Will Retailers Use Tender Steering To Take Control Of Interchange?

A process called “tender steering” is new to most retailers. It means that a retailer can provide incentives to customers to use a particular type of card to pay. This method could give retailers the power to drive interchange rates down by driving customers to some types of cards and away from others.

You might think that after half a century of having little or no control over the fees they pay to accept card payments, retailers would be demanding that all mobile commerce products and NFC-enabled systems support tender steering. They are not. Retailer associations have been virtually silent on the topic, and there are no reports of major retailer pushing this service.

AN OLD PROBLEM.

Since the invention of the credit card, retailers have had little choice in the fees they pay to accept cards as a payment type. Retailers could negotiate with their providers (a.k.a acquirers or independent sales organizations) for volume discounts, switch to lower cost providers, or choose to accept some card brands like MasterCard or Visa, and exclude other brands. While these tactics and strategies have lowered fees for some retailers, the scenario has been generally unchanged for decades.
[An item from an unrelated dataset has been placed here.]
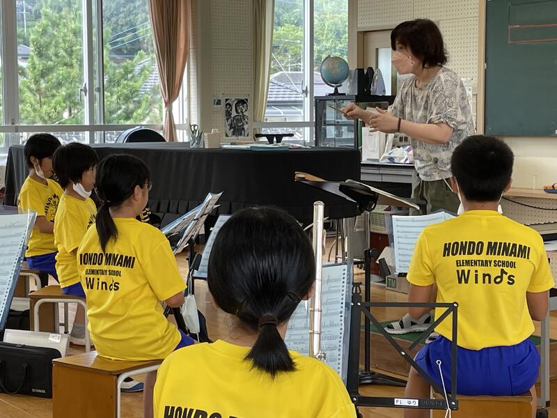 夏休みも返上して、本渡南小吹奏楽部(本校で唯一の部活動)が、猛練習をしています。今月24日に熊本市の県劇ホールで開催される「熊本県吹奏楽コンクール」出場に向けての練習です。

Tender steering will allow retailers to drive market conditions for payment products. If new mobile commerce products and services off competitive schemes and payment methods (like PayPal and ACH) to consumers at retail stores, the fees supported by both retail banks and MasterCard/Visa may be forced lower by retailers leveraging tender steering capabilities.

“MEET THE NEW BOSS. SAME AS THE OLD BOSS.”

If tender steering mechanisms are designed out of the mobile commerce systems currently under development, then retailers may not have the option to use this powerful system, and retailers may emerge – again – as subjects to the payments industry.

The recent announcements by the major payment corporations (MasterCard, Visa and others) will impact mobile commerce in United States are beginning to crystallize the strategies and revenue models of these companies. Unfortunately, retailers do not appear to be a voice in the development of the strategies and revenue models. As a result, tender steering mechanisms appear to be missing from most or all of the models currently under development by the MNO’s, banks and schemes.

In fact, all recent announcements seem to point to the development of the mobile commerce arena in the United States as a set of programs dictated to retailers, not designed by retailers. If you can prove me wrong, I want to hear from you.

The key to reducing costs for retailers using mobile payments is looking beyond interchange alone. Tender steering is probably the best opportunity for retailers to effect market rates for payments, which is the polar opposite of the present situation.

© 2011 by David W. Schropfer

David W. Schropfer is the author of The Smartphone Wallet – Understanding the Disruption Ahead, which is the first book about mobile commerce written for consumers and retailers. He is also a Partner with the consulting firm: The Luciano Group, where he heads the mobile payments / mobile commerce practice. Mr. Schropfer has pioneered new businesses with multiple firms from Fortune 100 conglomerates to startups.

Comments

  1. imo, there are plenty of ‘startups’ breaking with interchange tradition although they do face the extremely daunting challenge of acquiring millions of merchants on their new paradigm, so you may not hear about them often (and certainly dont see people or merchants using them). maybe PayPal + Fig could be successful; or ProPay + Zumogo, where the new tech has a distribution partner to back it up and acquire merchants.

    also, merchants have had the ability to ‘steer’ consumers to cash (not uncommon) and from signature to PIN (extremely rare) to save on interchange…but, alas, the front-line is typically a clerk working for a low wage and not highly motivated to save her employer a few cents….or, its an owner of a small business not inclined to inconvenience one of her few customers.

    • The article refers to a service that is not yet available–and hypothetically may never be available–to merchants. the service would allow systematic or automatic incentives to be pushed to the consumer without the clerk or small business owner getting involved. For example, a POS could be programmed to give a 1.5% discount to anyone who chooses to use PayPal as a payment type, and a 0% discount for every other payment type. See image for an illustration.

  2. mCommerce is not an in-store phenomenon, it is an out of store phenom. So I can’t see how this is applicable. mCommerce is merely channel replication of what is happening online.

    The new Bricks&Mobile philosophy demands that new payment mechanisms will need to be invented for the consumer to be able to use the phone as the payment mechanism in the store. Like NFC for instance or the technology that Aislebuyer are building. Either way, these are going to take a while to get to scale.

    • I agree, mCommerce is not an in-store phenomenon… yet. and, I agree that the scale up will take time. the point is that tender steering features may or may not be built into the systems that will be available to retailers in the next few years, and if that happens it could significantly delay this opportunity for retailers.